Abstract
Introduction: Due to the introduction of low-dose computed tomography (CT) and screening procedures, the proportion of early-stage lung cancer with ground glass opacity (GGO) manifestation is increasing in clinical practice. However, its epidemiological characteristics is still not fully investigated.
Methods: We retrieved all solitary GGO adenocarcinoma lung cancer (ADLC) on the PubMed, Cochrane Library, and Embase databases until January 1, 2019 and extracted the general information to perform the meta-analysis, mainly focusing on age, gender, and smoking status.
Results: A total of 8,793 solitary GGO ADLC patients from 53 studies were included in this analysis. The final pooled analysis showed that the female proportion, average diagnosis age, and non-smoking proportion of solitary GGO ADLC was 0.62 (95% CI, 0.60–0.64), 56.97 (95% CI, 54.56–59.37), and 0.72 (95% CI, 0.66–0.77), respectively. The cumulative meta-analysis and meta-trend analysis confirmed that the average age at diagnosis has been decreasing while the non-smoking proportion significantly increased in the past two decades.

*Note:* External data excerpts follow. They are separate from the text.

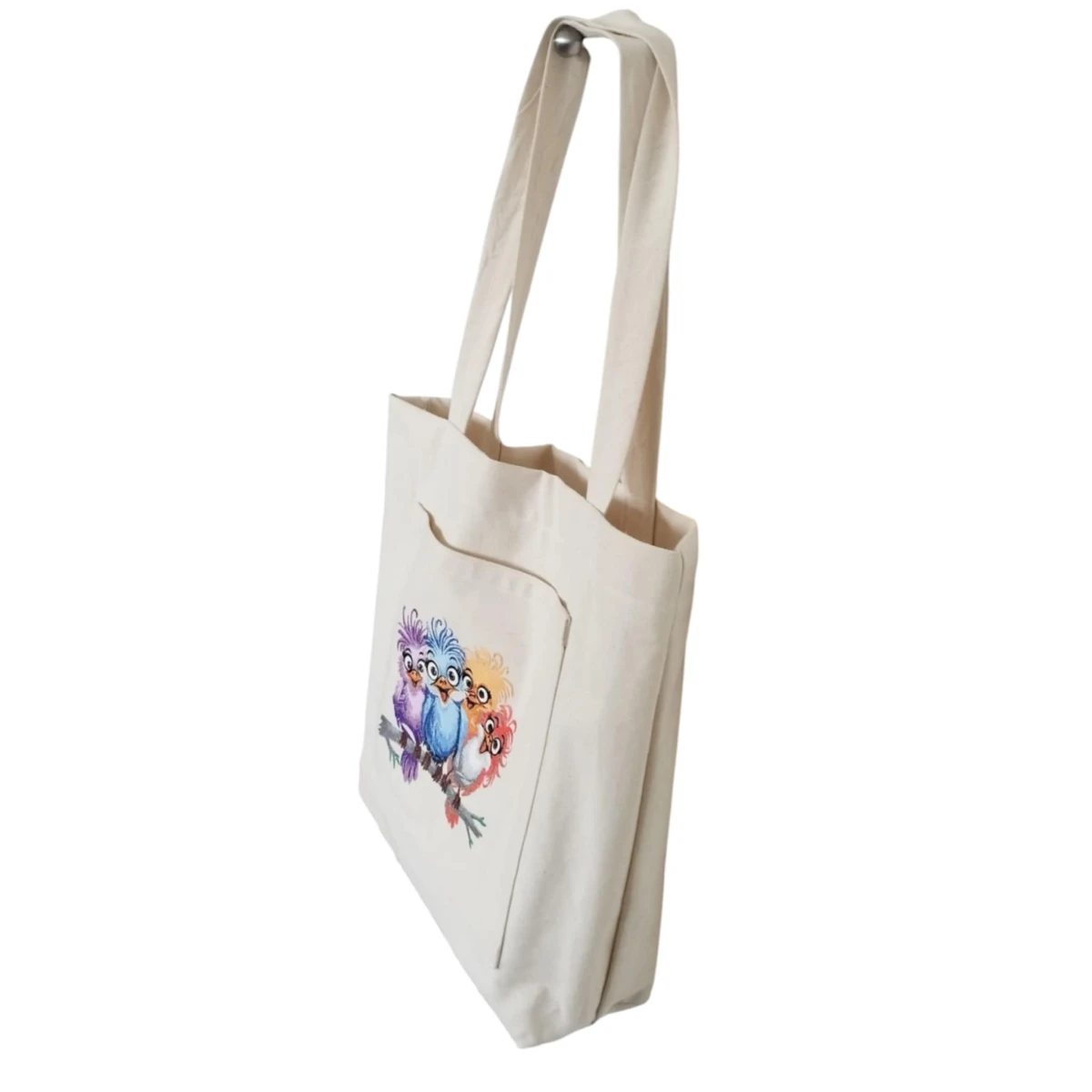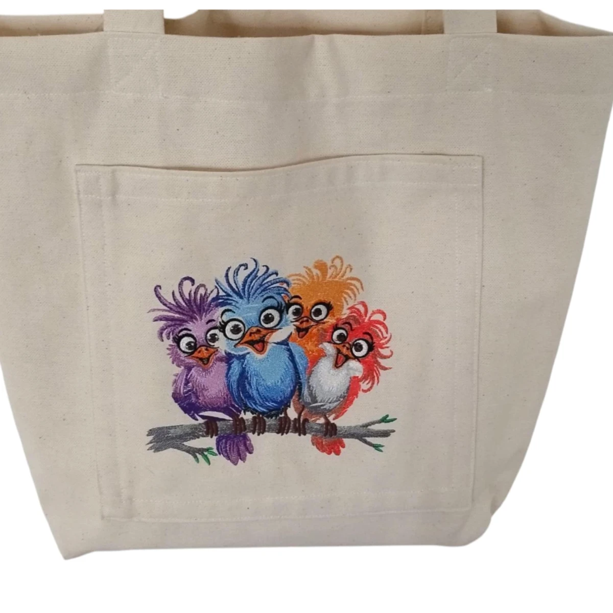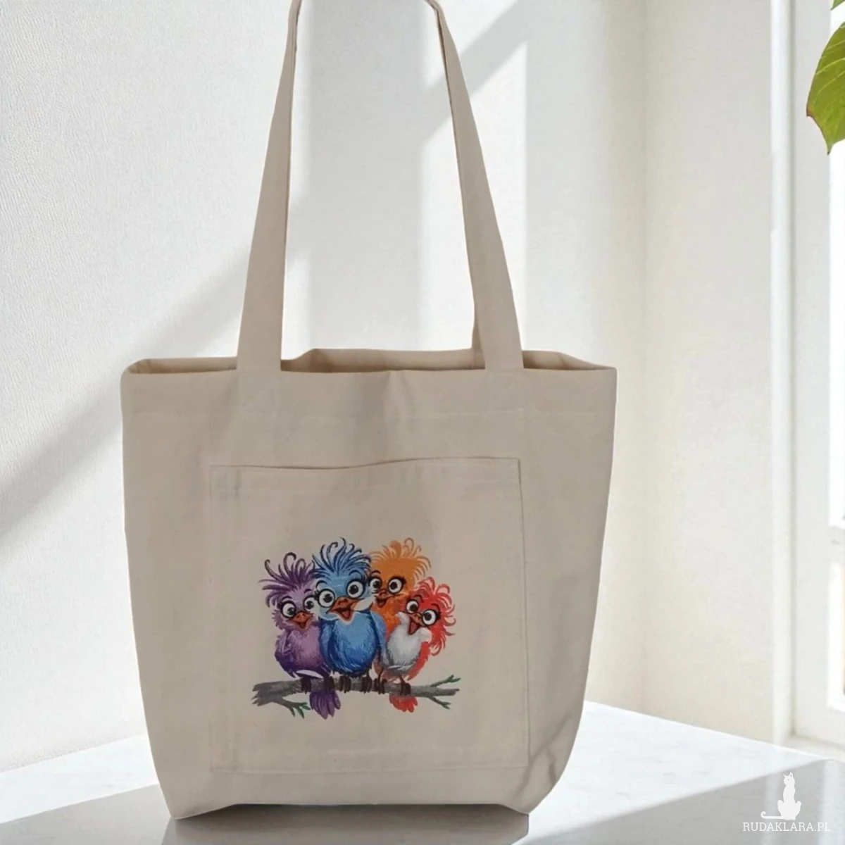 Przód torby z dużą kieszenią ozdobioną haftem. Dno torby poszerzone - tak aby mogła pomieścić wszystkie niezbędne drobiazgi i przydasie.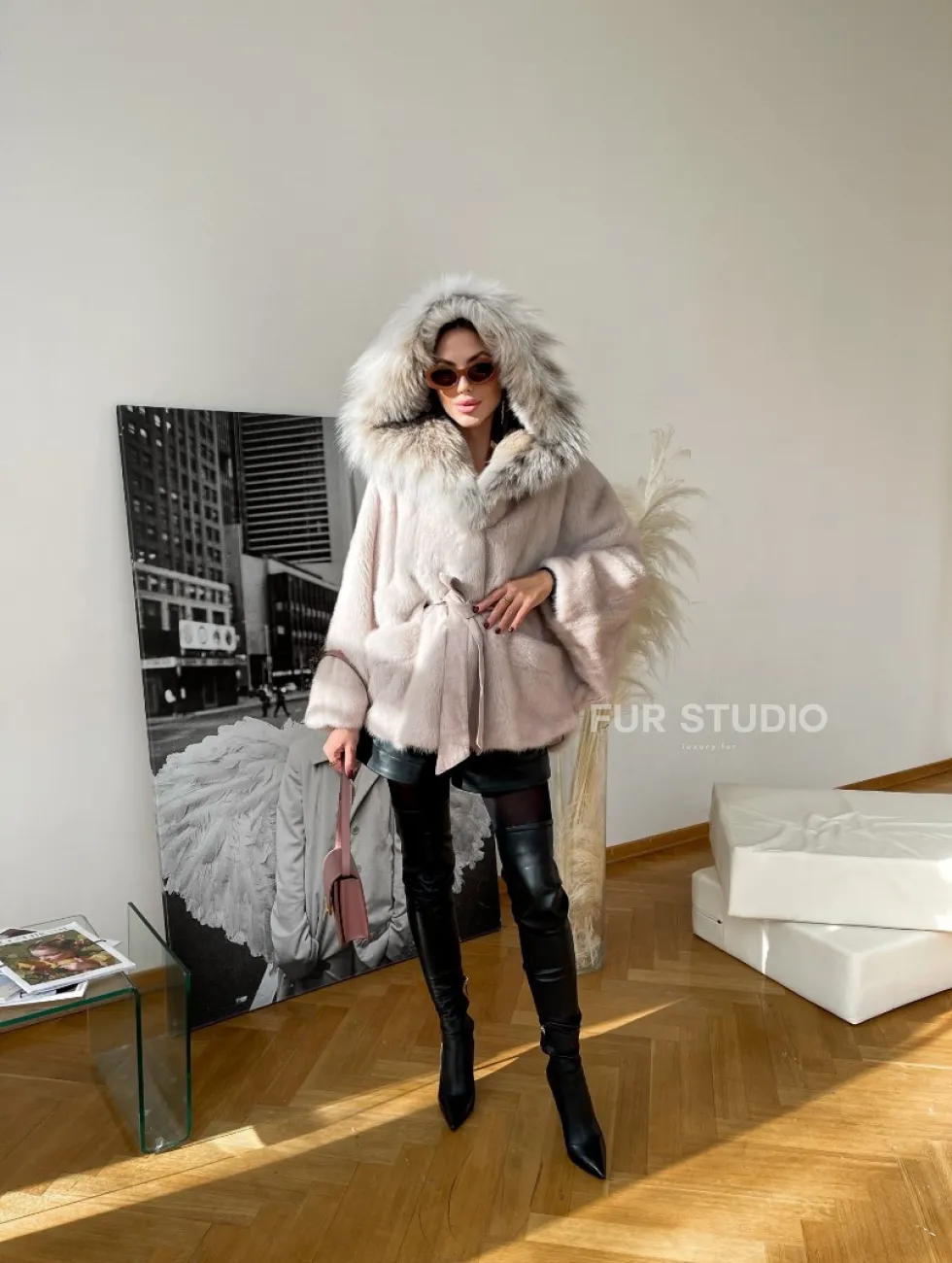 Шикарный капюшон из меха рыси позаботится о прическе и комфортной температуре головы. Удобные карманы не дадут ручкам замерзнуть. Качество изделия гарантирует, что владелица будет носить пончо долгие годы. Брендовая сумочка подчеркнет индивидуальность хозяйки. Купить пончо норковое с капюшоном из меха рыси в цвете пастель могут девушки, которые любят выглядеть легко и женственно.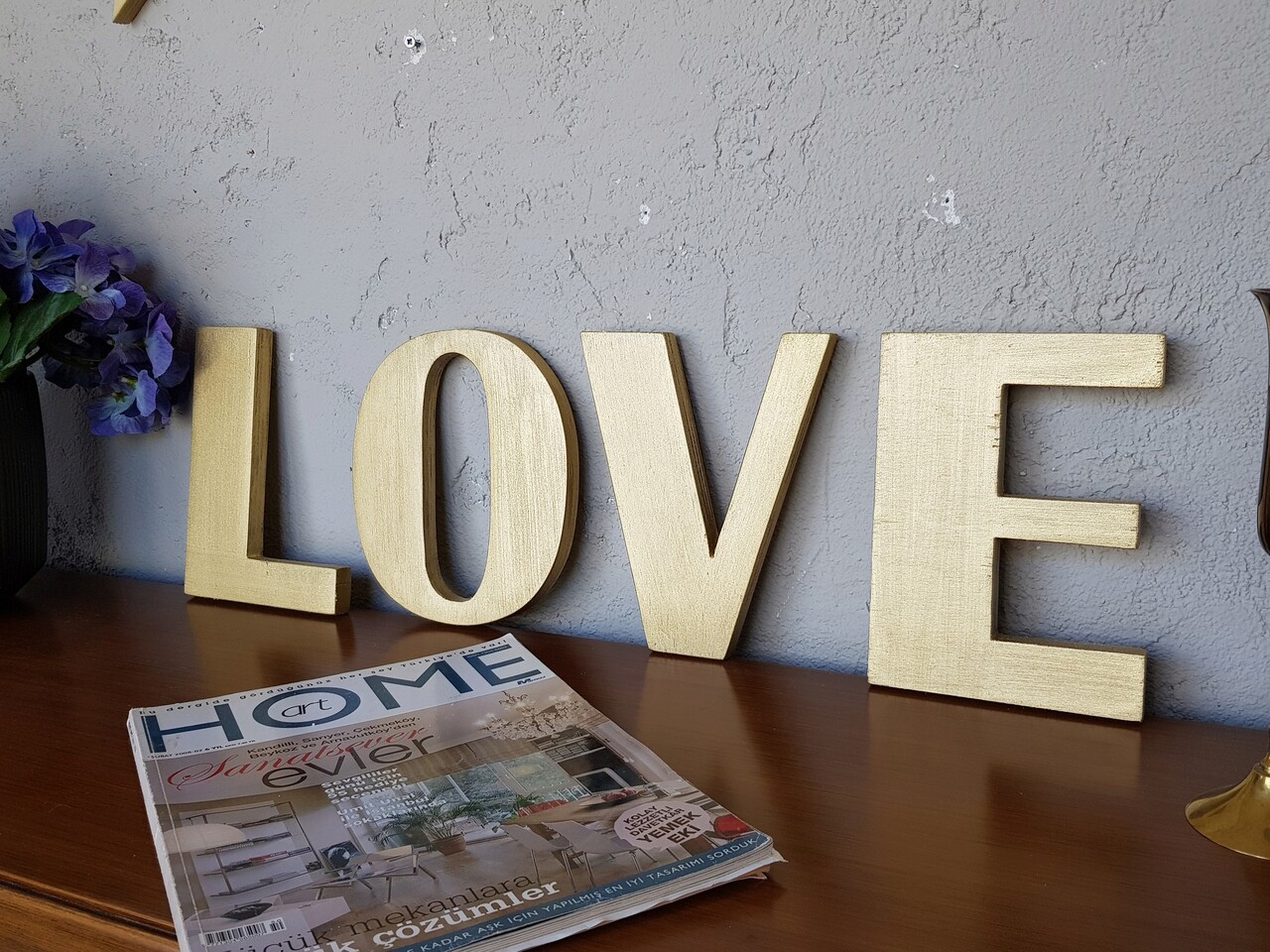 Decoratiune de perete, Gold Love, 45x2x25 cm, Auriu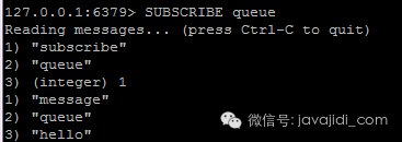 为了订阅queue这个频道,客户端发出一个订阅频道的命令: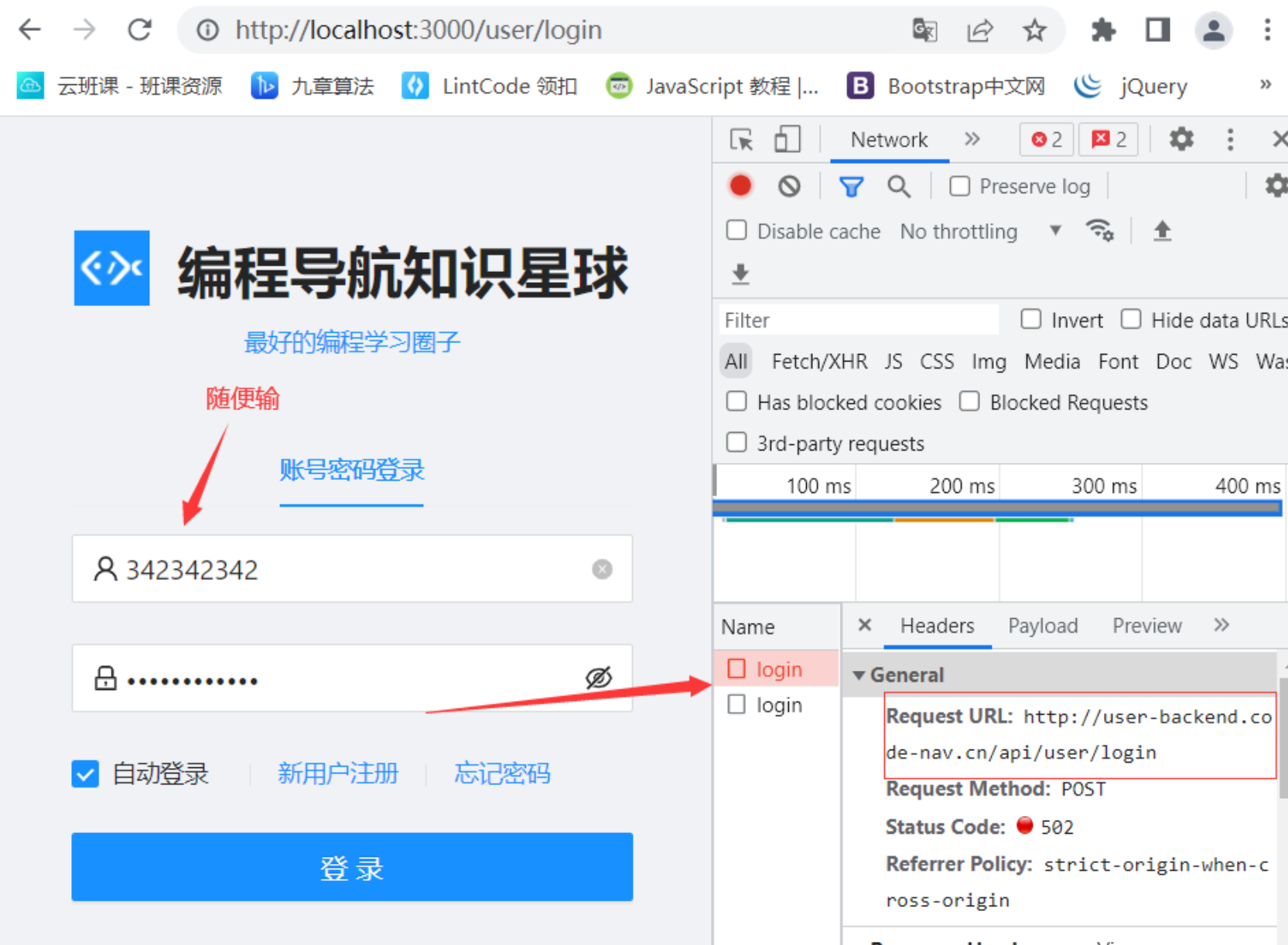 重启后,前端页面会弹出未登录,输入账户密码,点击登录,后端报错了。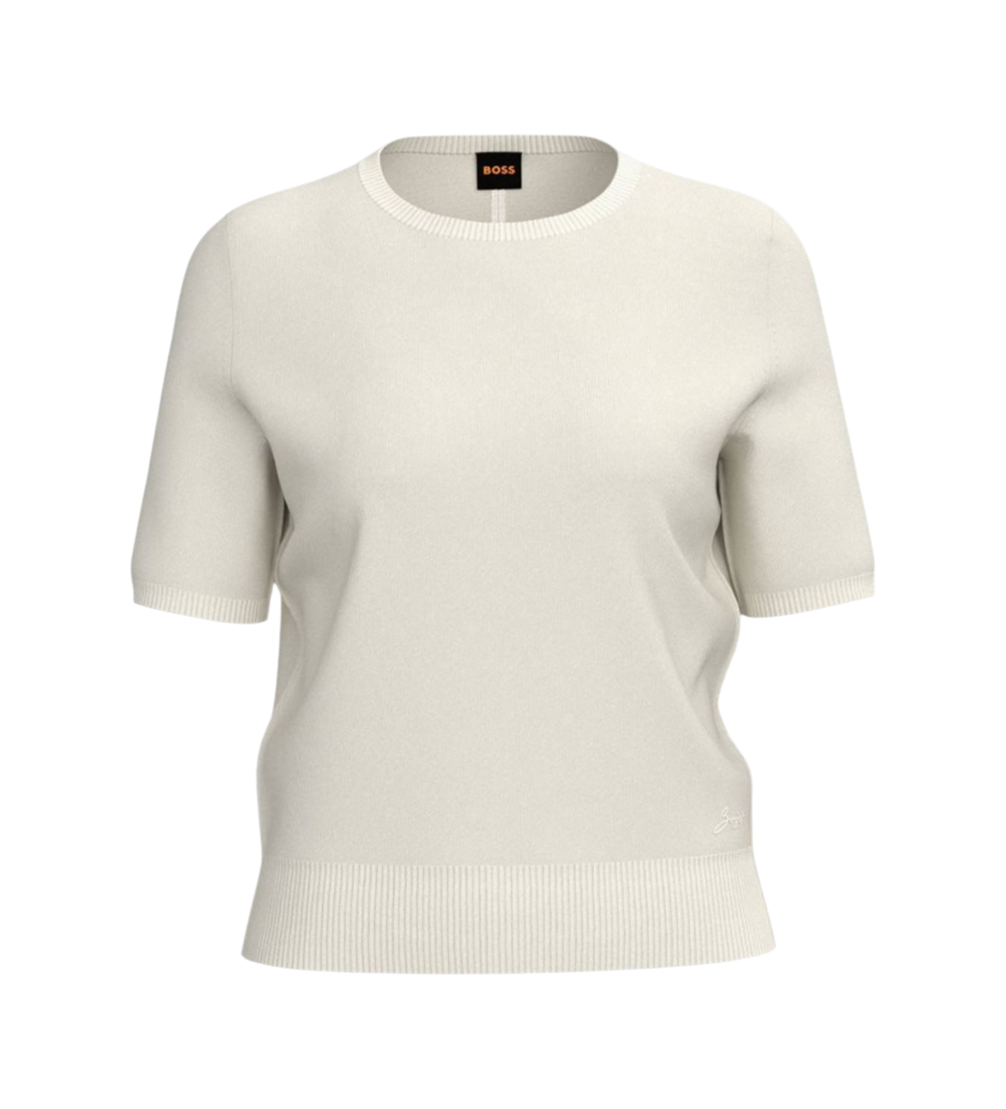 Presenta cuello redondo clásico y mangas cortas, con acabados acanalados que aportan estructura y un toque refinado al conjunto.

Conclusions: From our epidemiological analysis, it demonstrates that the clinical characteristics of GGO lung cancer patients may be out of the high-risk factors. Therefore, we propose to reconsider the risk assessment and current lung cancer screening criteria.
Introduction
Due to the introduction of low-dose computed tomography (CT) and screening procedures, the number of diagnoses of pulmonary ground glass opacity (GGO) lung cancer in clinical practice is increasing (1, 2). The GGO manifestation is generally caused by local airspace filling as a result of inflammation or neoplastic proliferation, and some studies reported that the malignancy rate of GGO was 63%, which has a higher malignant potential than solid nodules (3, 4). The GGO manifestation generally correlates with a lepidic, in situ, non-invasive growth pattern of cells along preexisting alveolar structures (4). A previous study has reported that GGO lung cancer may have several unique features, including an insignificant association with smoking history and a low degree of invasive biological characteristics (3). As the importance of GGO lung cancer is increasing, more researches have focused on the diagnosis and treatment of this early stage lung cancer; however, the epidemiology of lung cancer with GGO manifestation has not yet been fully elucidated. In this study, we summarized all of the publications concerning solitary GGO adenocarcinoma lung cancer (ADLC) and investigated the epidemiological data of this unique type of lung cancer by the use of a cumulative meta-analysis. The primary outcome is female proportion, and the secondary outcomes are average diagnosis age and non-smoking proportion. All analyses of our study were specified a priori in the protocol, and our study was registered and the protocol made available on the PROSPERO (the registration number CRD42019119240).
Methods
This study was reported on the basis of the Preferred Reporting Items for Systematic Reviews and Meta-Analyses (PRISMA) statement guidelines (Supplementary Table 1).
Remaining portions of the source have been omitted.